The Viewport Transform

After the perspective divide a vertex sits in a clean abstract cube: normalised device coordinates, with x_n, y_n \in [-1, 1]. Lovely — but nobody owns a monitor that runs from -1 to 1. Real screens are measured in pixels, from the corner. The viewport transform is the short, dull, essential map that turns the cube into your actual rectangle of pixels.

From the cube to the rectangle, line by line

Step 1 — name the two rectangles. The source is the NDC square [-1, 1] \times [-1, 1]. The target is the framebuffer rectangle [0, W] \times [0, H], where W and H are the width and height in pixels.

Step 2 — shift the range from [-1, 1] to [0, 2]. Add one:

x_n + 1 \;\in\; [0, 2].

Step 3 — squash [0, 2] down to [0, 1]. Halve it:

\frac{x_n + 1}{2} \;\in\; [0, 1].

Step 4 — stretch [0, 1] across the screen width. Multiply by W. That is the horizontal pixel coordinate:

x_{\text{screen}} = \frac{x_n + 1}{2}\, W.

Step 5 — do y the same way, but flip it. Here is the one trap. In NDC, y points up; on a screen, pixel rows are counted downward from the top-left corner. So the y map must reverse direction — use 1 - y_n in place of y_n + 1:

y_{\text{screen}} = \frac{1 - y_n}{2}\, H.

Check it: the top of NDC, y_n = +1, gives y_{\text{screen}} = 0 (the top row), and the bottom, y_n = -1, gives y_{\text{screen}} = H (the bottom row). The picture is the right way up.

Step 6 — carry depth along too. The third NDC coordinate z_n \in [-1, 1] is remapped to [0, 1] and stored for the depth buffer — same affine idea, no flip:

z_{\text{depth}} = \frac{z_n + 1}{2} \;\in\; [0, 1].

Step 7 — recognise the whole thing.
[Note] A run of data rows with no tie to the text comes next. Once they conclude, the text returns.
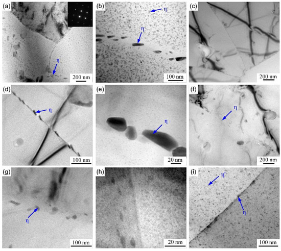 For 7000 series alloys, the widely recognized evolution of precipitation process is recommended as follows: supersaturated solid solution (α-sss)→Guinier-Preston zones (GP zones, MgZn)→η′ phase (MgZn2)→η phase (MgZn2) [39]. The Al-Zn-Mg alloy belongs to heat-treatable aluminum alloy and the precipitates will change due to different thermal cycles [1,16,40]. Figure 11 shows the precipitates evolution of heat-treated Al-Zn-Mg alloy with different thermal cycles. The microstructure of BM is composed of high densities η′ and η precipitates in matrix, discontinuous precipitates at grain boundaries and precipitate-free zones near the grain boundaries, as shown in Figure 11a,b. For sample AQ, almost all precipitates in matrix (η′ and η phases) dissolve judging from Figure 11c,d. However, high densities GP zones appear in higher magnification image in Figure 11e, which most likely attribute to the natural ageing after NIHT. Additionally, the precipitates at grain boundary of sample AQ suffered dissolution and re-precipitation, and then become continuous, which is harmful to the corrosion resistance of Al-Zn-Mg alloy [6,20,23]. The matrix precipitates of sample AQ-5 have similar evolution process except for precipitates at grain boundary, as seen in Figure 11f–h. The grain boundary precipitates of sample AQ-5 show discontinuous morphology, which is benefited to decrease the susceptibility to corrosion. There are still some matrix and grain boundary precipitates in sample WQ, which can be ascribed to different quenching conditions during NIHT process, as shown in Figure 11i.
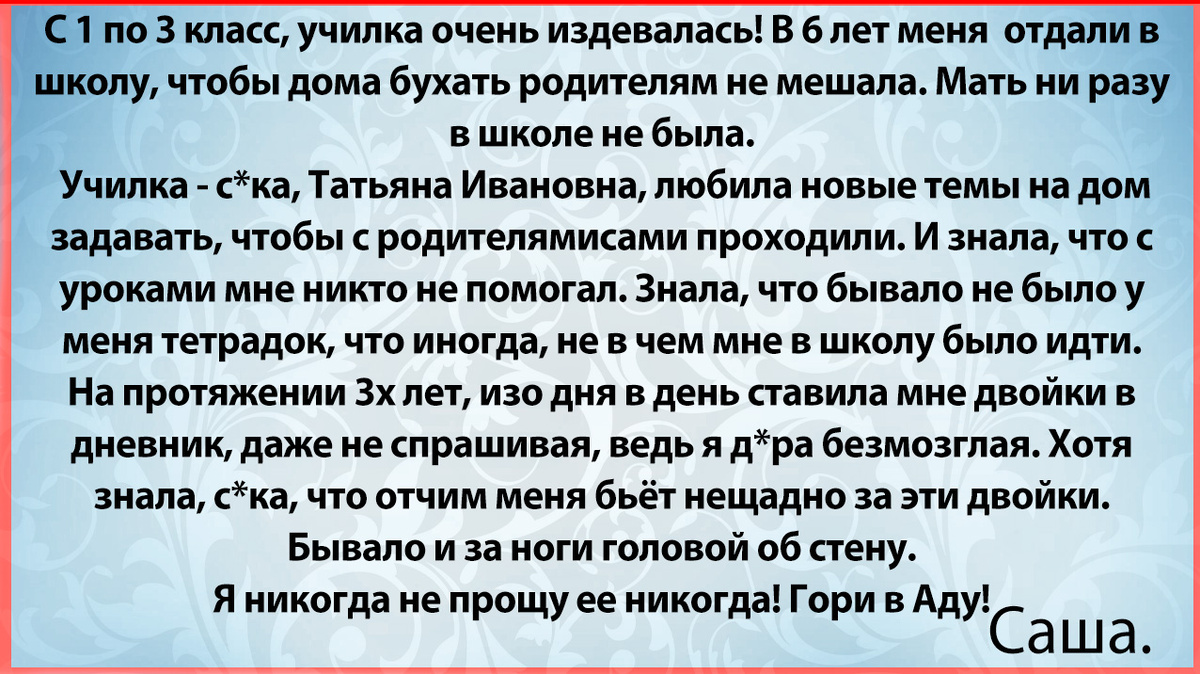 Потом она позволяла себе высказывать гадости в адрес моей младшей сестры. Я уже училась тогда в вузе, подрабатывала и имела кое-какие деньги, и подарила сестре красивые вещи впервые за ее 16 лет жизни. Училка так же поставила ее к доске и обвинила перед всеми в воровстве, что одета она слишком хорошо, для сироты из бедной семьи.
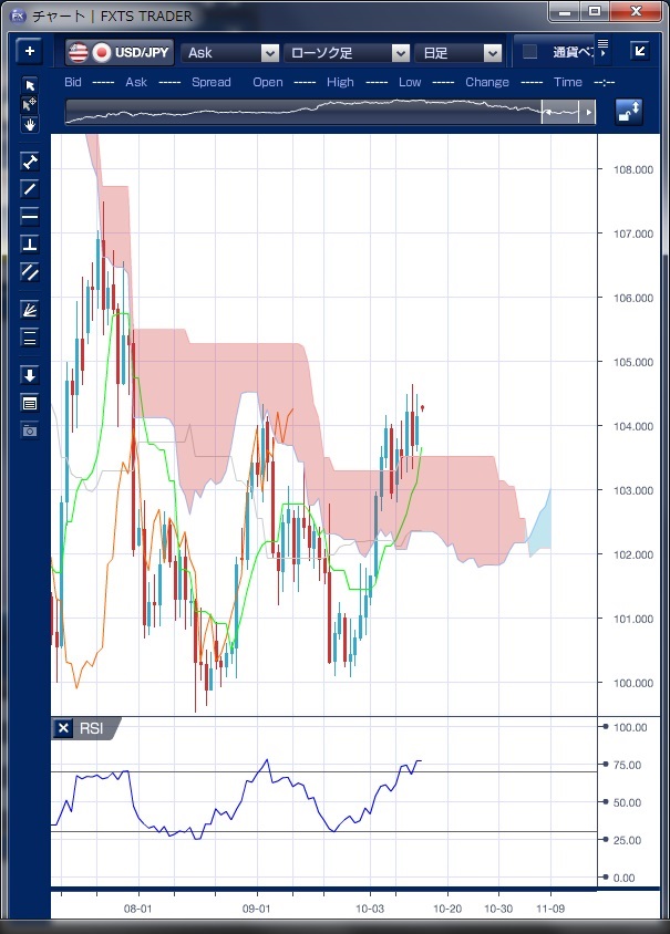 先週のドル/円相場は、ロシアのプーチン大統領がOPEC(世界石油輸出国機構)と協力し、原油生産調整に取り組む用意があるとしたことで原油価格が上昇しリスク・オンの流れとなったことや、第2回目の米大統領候補者による討論会でも、クリントン民主党候補の優勢は変わらなかったことを受け、ドルが上昇する動きとなりました。 13日には、7月末以来となる104円64銭まで上昇しています。 テクニカルで見ると、前週に一目均衡表の雲を上抜け、先週は実体が雲の上を推移していることで下値不安が遠のいた形となっています。 また、遅行スパンが日々線に同期しながら上昇してきたものが、先週後半には日々線の下落に逆行しており、相場が強気に転じてきていることが示唆されています。 また、9月2日の前回高値104円32銭を上抜けてきており、もう一段の上昇が期待される形となっています。 ただし、RSIが75を超えてきたおり短期的に買われ過ぎ水準にあることや、前回高値を上抜けても上昇に弾みがつかず鈍い動きとなっていることなどからは、短期的な調整の可能性もあり注意が必要でしょう。 上昇を続けた場合には、節目の105円を一気に抜けることが出来るかが注目されるところです。 ※チャートは、ドル/円の日足一目均衡表RSIを表示しています。

Every line above is just a scale plus a translate per axis. No rotation, no perspective — that work is already done. The viewport transform is the gentle final handshake that delivers a vertex to a pixel.

The viewport transform maps normalised device coordinates onto the framebuffer:

It sends the NDC square [-1, 1]^2 to the pixel rectangle [0, W] \times [0, H].
It is a pure scale-plus-translate per axis: x_{\text{screen}} = \tfrac{x_n + 1}{2} W.
The y axis is flipped, because screens count rows downward: y_{\text{screen}} = \tfrac{1 - y_n}{2} H.
Depth is remapped to [0, 1] for the z-buffer, z_{\text{depth}} = \tfrac{z_n + 1}{2}.

A pixel is not a point; it is a little square with area. A framebuffer of width W has columns indexed 0, 1, \dots, W-1, and the centre of column i sits at the half-integer coordinate i + 0.5. Rasterisers sample at those centres, so a point that lands exactly on an integer boundary is ambiguous between two pixels — the classic off-by-one that leaves a one-pixel seam between two abutting quads.

That is why the convention is to treat (0.5, 0.5) as the centre of the top-left pixel, and why a full-screen blit that maps NDC [-1, 1] onto [0, W] hits pixel edges, not centres. Get the half-pixel offset wrong and your beautiful render is mysteriously blurry: every texel is sampled halfway between two source pixels.